0 Üyeler ve 1 Ziyaretçi konuyu incelemekte.

ferzan

    D.E.Ç.S.İ, yani  '' Dünyanın En Çok Sevilen İnsanı ''...

    Yazar Murat Menteş'in kaleme alıp çizer Kutlukhan Perker'in görsele döktüğü bu çizgi roman, tam 11 haftadır Penguen Dergisi'nde tefrika ediliyordu ve bugün çıkan son sayı itibariyle sona erdi...Ben de toplamda 23 sayfadan oluşan bu ilginç çizgi roman hakkındaki üç beş kelam etmek istedim...
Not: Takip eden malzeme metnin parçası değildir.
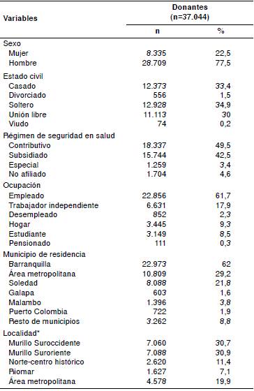 Durante el periodo de este estudio, se analizaron 37.044 registros de donantes de sangre. La mayoría de estas donaciones provenía de hombres (77,5 %); el grupo etario que más hizo donaciones fue el de 29 a 38 años de edad (25,5 %). La mayoría de los donantes eran empleados, 61,7 % vivía en pareja, 63,4 % pertenecía al régimen contributivo y el 92% al subsidiado y el 62 % residía en la ciudad de Barranquilla y el 29,2 % en municipios de su área metropolitana. La mayoría de las donaciones (81,5 %) en Barranquilla provenía de personas residentes en las localidades ubicadas en el sur de la ciudad: Murillo Suroriente, Murillo Suroccidente y Metropolitana (cuadro 1).

    Feridun Feda, 30 yaşında bir turist rehberidir ve 7 düvelden turiste İstanbul'u gezdirip mekanların tarihi arka planları hakkında bilgi vermektedir...Karısı Ferda ve küçük kızı Eda ile orta halli mütevazi bir yaşantısı olan Feridun'un lakabı D.E.Ç.S.İ 'dir...Bu adı ona kızı Eda takmıştır ve '' Dünyanın En Çok Sevilen İnsanı '' sıfatının kısaltılmış halidir...

    Bir gece aniden çıkan bir sarsıntı sonucu Feridun'un hayatı değişir...İstanbul'da çok büyük bir deprem olur ve Feridun'un son hatırladığı şey kızının çığlığıdır...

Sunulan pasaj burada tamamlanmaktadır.